_Instructions for the task_
Please copy the records below word for word, leaving out the pictures.

_Data for this exercise_
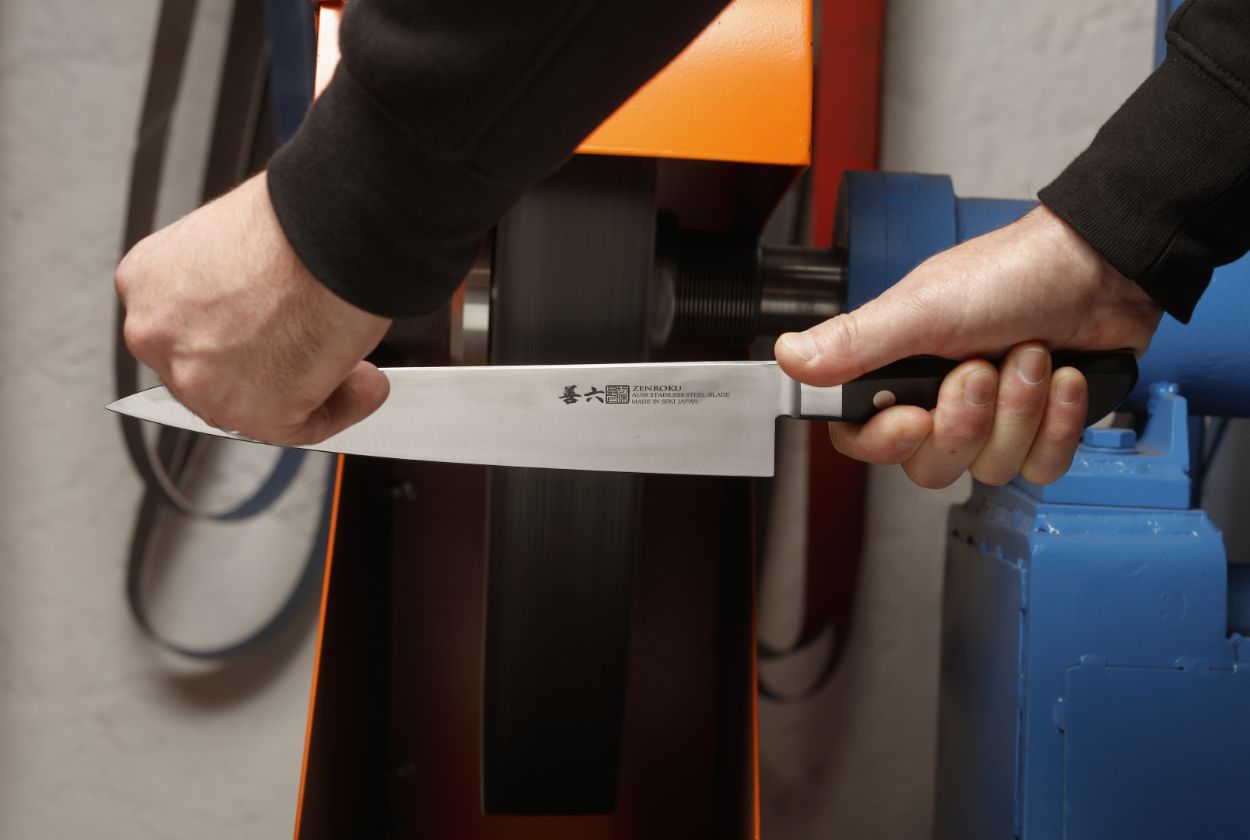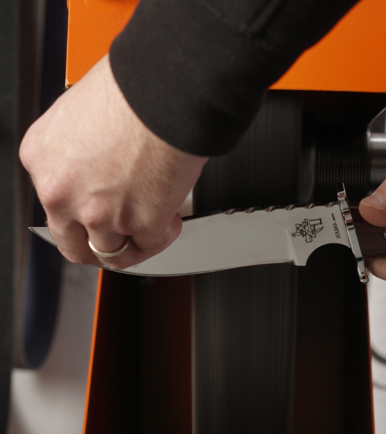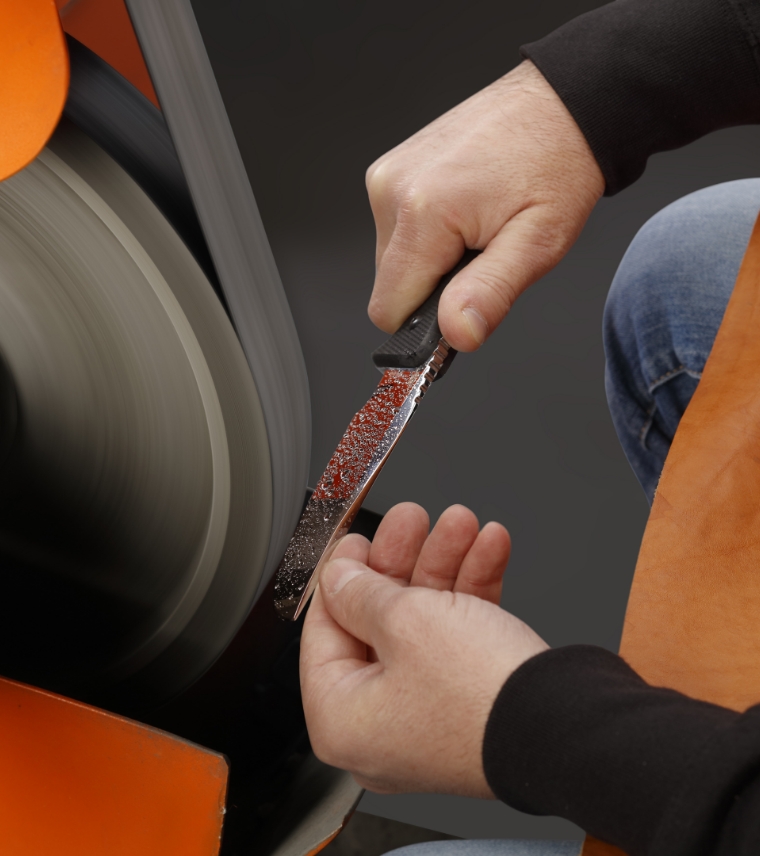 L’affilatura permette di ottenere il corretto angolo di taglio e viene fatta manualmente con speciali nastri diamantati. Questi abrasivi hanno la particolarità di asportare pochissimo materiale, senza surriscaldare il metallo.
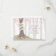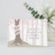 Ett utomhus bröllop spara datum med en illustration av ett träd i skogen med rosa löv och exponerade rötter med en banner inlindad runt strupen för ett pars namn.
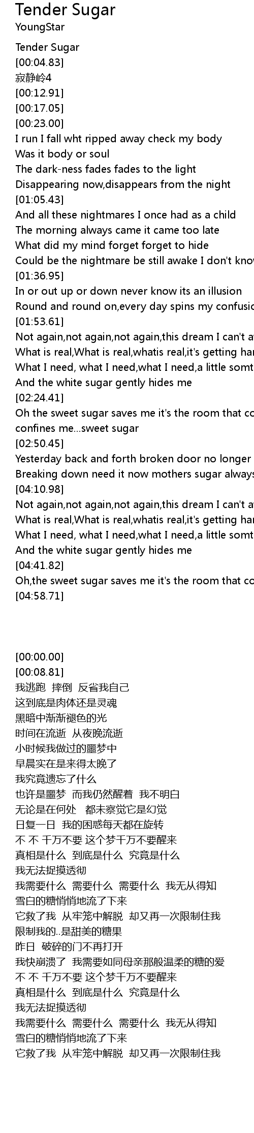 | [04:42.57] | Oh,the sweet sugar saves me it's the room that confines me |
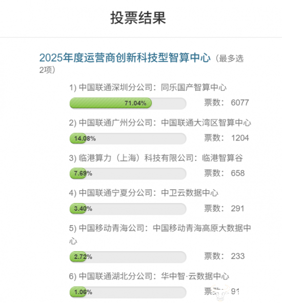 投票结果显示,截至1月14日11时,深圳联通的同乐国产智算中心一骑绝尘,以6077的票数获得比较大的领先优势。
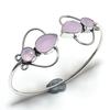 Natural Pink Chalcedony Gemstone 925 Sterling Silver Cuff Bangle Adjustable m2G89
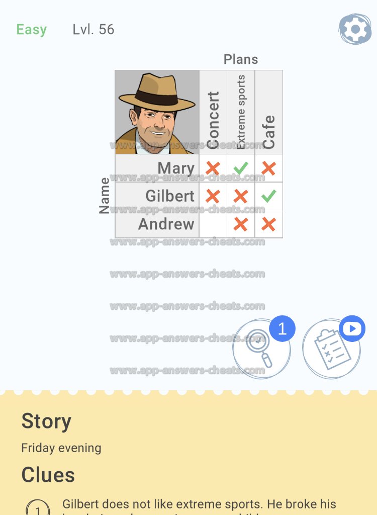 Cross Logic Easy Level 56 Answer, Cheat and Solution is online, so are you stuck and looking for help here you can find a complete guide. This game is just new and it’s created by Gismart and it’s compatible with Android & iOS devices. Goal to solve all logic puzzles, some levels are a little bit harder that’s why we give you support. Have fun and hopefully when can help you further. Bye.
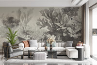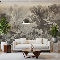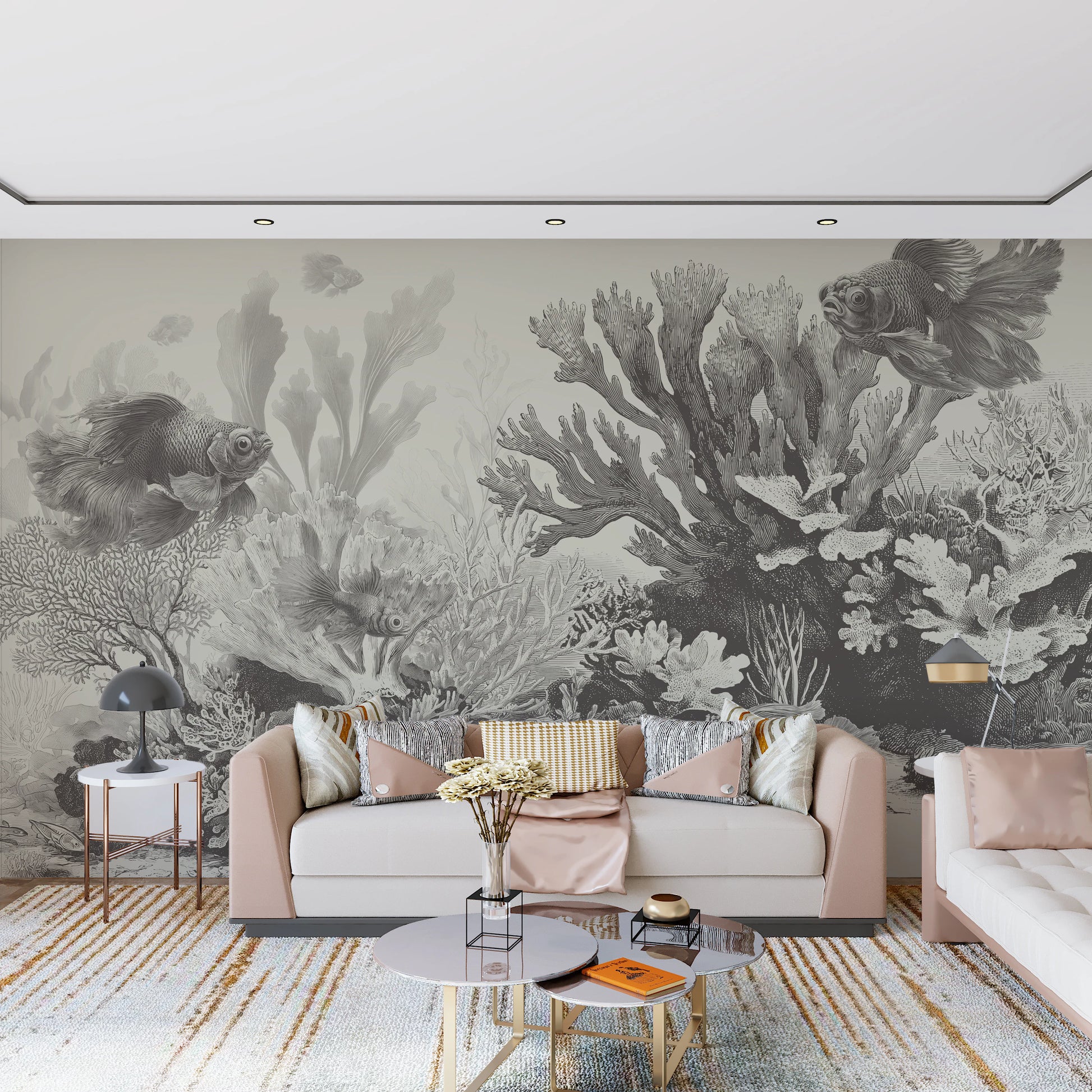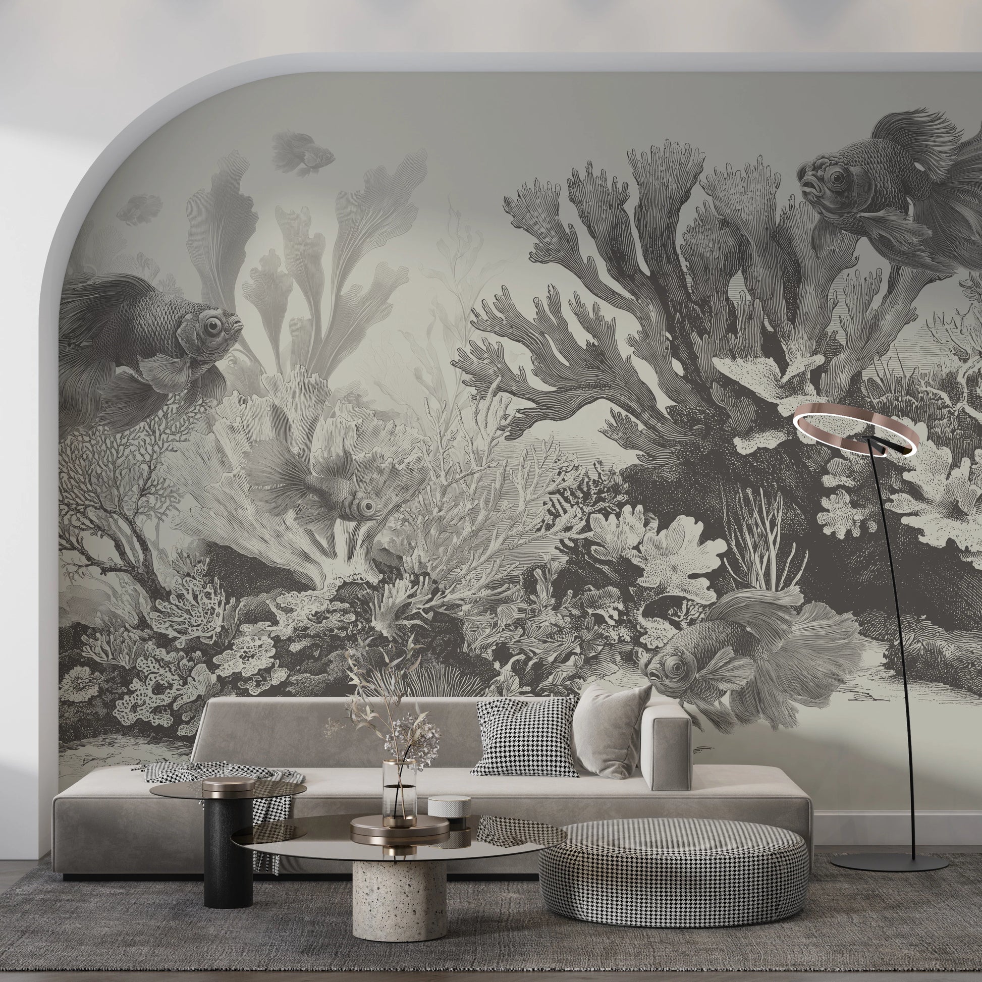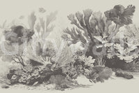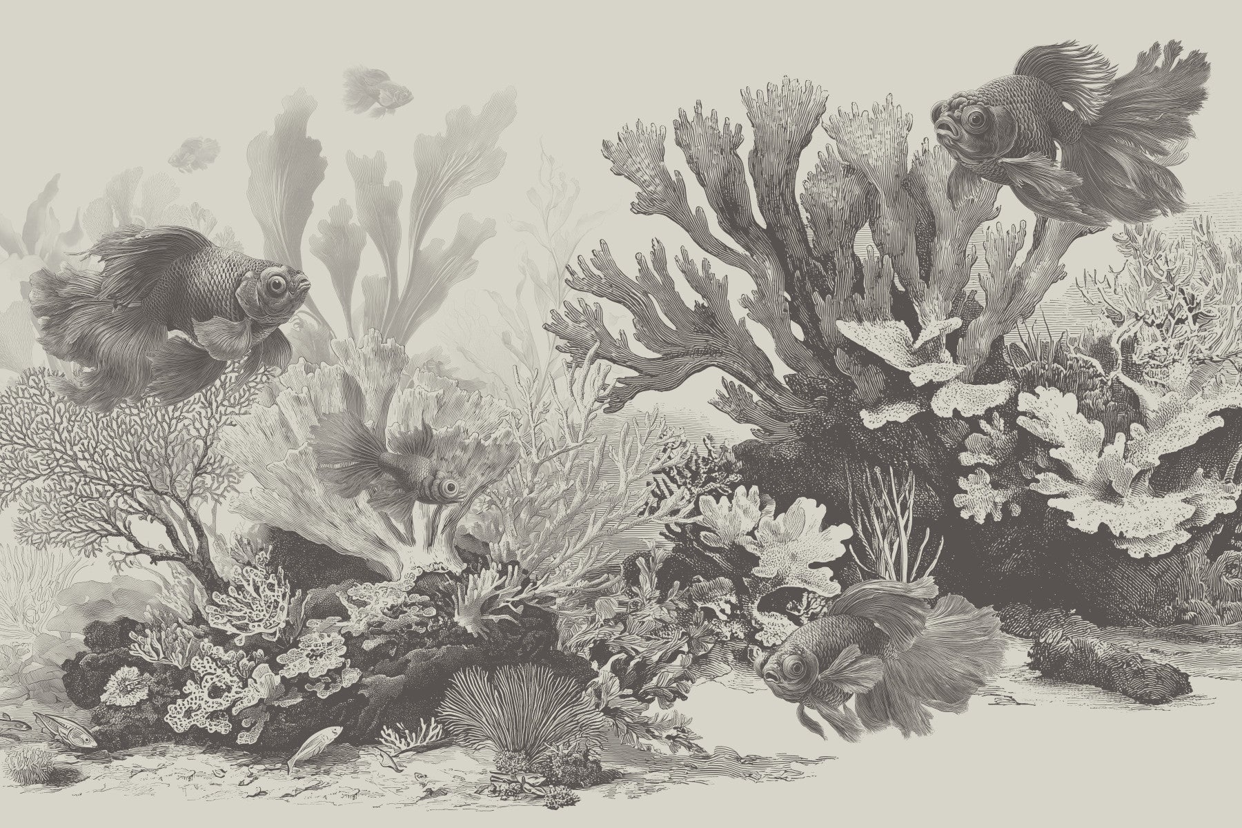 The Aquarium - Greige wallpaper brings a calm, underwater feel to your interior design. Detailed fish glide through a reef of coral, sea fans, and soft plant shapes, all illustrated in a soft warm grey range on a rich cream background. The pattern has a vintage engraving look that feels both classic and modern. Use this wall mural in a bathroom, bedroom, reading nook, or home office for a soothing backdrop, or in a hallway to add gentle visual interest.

_Completed task_
 L’affilatura permette di ottenere il corretto angolo di taglio e viene fatta manualmente con speciali nastri diamantati. Questi abrasivi hanno la particolarità di asportare pochissimo materiale, senza surriscaldare il metallo.
 Ett utomhus bröllop spara datum med en illustration av ett träd i skogen med rosa löv och exponerade rötter med en banner inlindad runt strupen för ett pars namn.
 | [04:42.57] | Oh,the sweet sugar saves me it's the room that confines me |
 投票结果显示,截至1月14日11时,深圳联通的同乐国产智算中心一骑绝尘,以6077的票数获得比较大的领先优势。
 Natural Pink Chalcedony Gemstone 925 Sterling Silver Cuff Bangle Adjustable m2G89
 Cross Logic Easy Level 56 Answer, Cheat and Solution is online, so are you stuck and looking for help here you can find a complete guide. This game is just new and it’s created by Gismart and it’s compatible with Android & iOS devices. Goal to solve all logic puzzles, some levels are a little bit harder that’s why we give you support. Have fun and hopefully when can help you further. Bye.
 The Aquarium - Greige wallpaper brings a calm, underwater feel to your interior design. Detailed fish glide through a reef of coral, sea fans, and soft plant shapes, all illustrated in a soft warm grey range on a rich cream background. The pattern has a vintage engraving look that feels both classic and modern. Use this wall mural in a bathroom, bedroom, reading nook, or home office for a soothing backdrop, or in a hallway to add gentle visual interest.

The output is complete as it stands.